┌─ Provided data

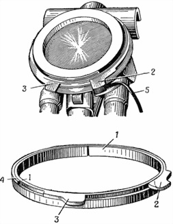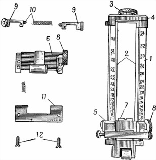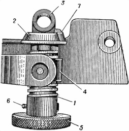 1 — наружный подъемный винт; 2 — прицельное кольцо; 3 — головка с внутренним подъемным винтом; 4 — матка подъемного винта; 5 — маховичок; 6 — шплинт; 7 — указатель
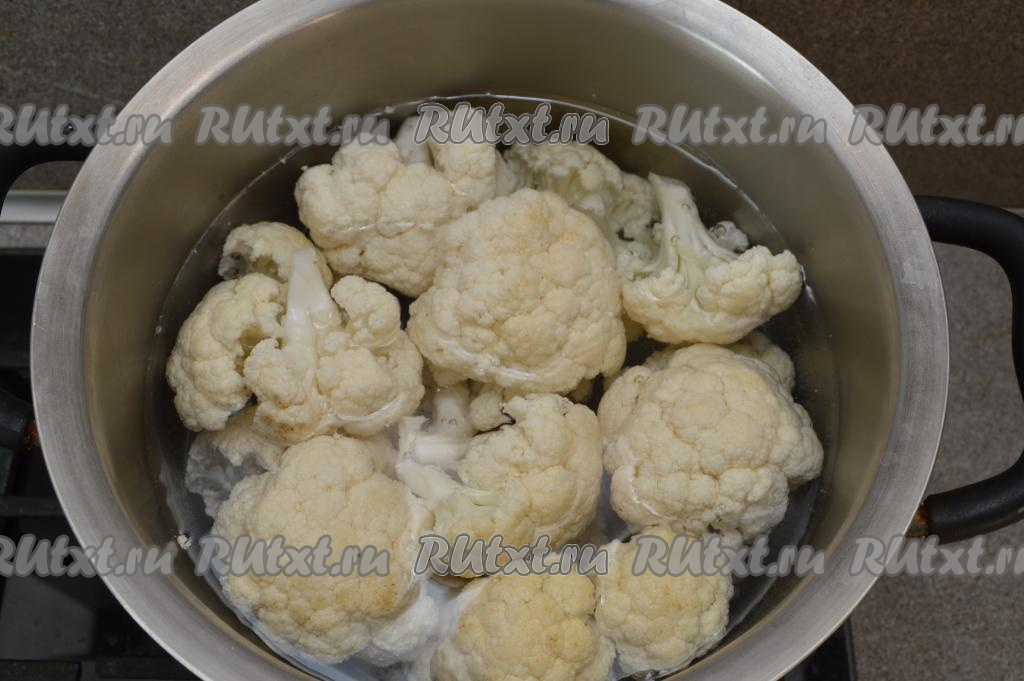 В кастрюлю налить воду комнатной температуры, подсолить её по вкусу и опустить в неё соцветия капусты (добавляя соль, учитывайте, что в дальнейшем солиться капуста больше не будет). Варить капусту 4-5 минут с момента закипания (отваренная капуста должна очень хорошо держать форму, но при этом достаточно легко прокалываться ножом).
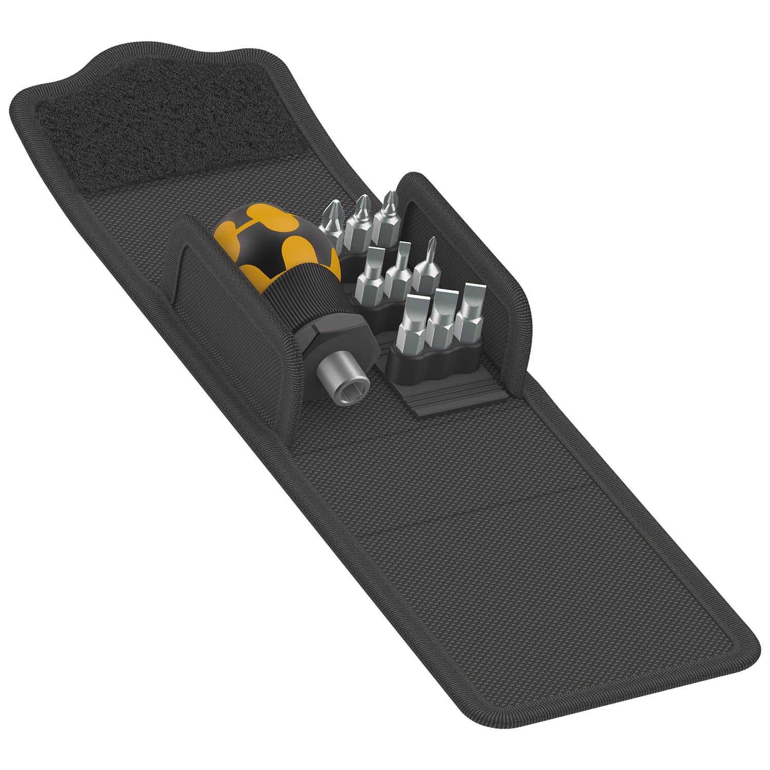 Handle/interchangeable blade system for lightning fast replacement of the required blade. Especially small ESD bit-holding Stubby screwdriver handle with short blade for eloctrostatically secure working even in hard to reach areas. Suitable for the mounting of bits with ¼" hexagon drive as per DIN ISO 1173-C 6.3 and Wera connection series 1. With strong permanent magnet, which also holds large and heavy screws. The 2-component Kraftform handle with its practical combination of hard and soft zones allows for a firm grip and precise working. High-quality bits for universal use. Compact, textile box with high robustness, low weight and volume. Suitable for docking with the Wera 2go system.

└─

#### [Work required]
Give back the data verbatim. The pictures are not part of the copy.

#### [Answer space]
 1 — наружный подъемный винт; 2 — прицельное кольцо; 3 — головка с внутренним подъемным винтом; 4 — матка подъемного винта; 5 — маховичок; 6 — шплинт; 7 — указатель
 В кастрюлю налить воду комнатной температуры, подсолить её по вкусу и опустить в неё соцветия капусты (добавляя соль, учитывайте, что в дальнейшем солиться капуста больше не будет). Варить капусту 4-5 минут с момента закипания (отваренная капуста должна очень хорошо держать форму, но при этом достаточно легко прокалываться ножом).
 Handle/interchangeable blade system for lightning fast replacement of the required blade. Especially small ESD bit-holding Stubby screwdriver handle with short blade for eloctrostatically secure working even in hard to reach areas. Suitable for the mounting of bits with ¼" hexagon drive as per DIN ISO 1173-C 6.3 and Wera connection series 1. With strong permanent magnet, which also holds large and heavy screws. The 2-component Kraftform handle with its practical combination of hard and soft zones allows for a firm grip and precise working. High-quality bits for universal use. Compact, textile box with high robustness, low weight and volume. Suitable for docking with the Wera 2go system.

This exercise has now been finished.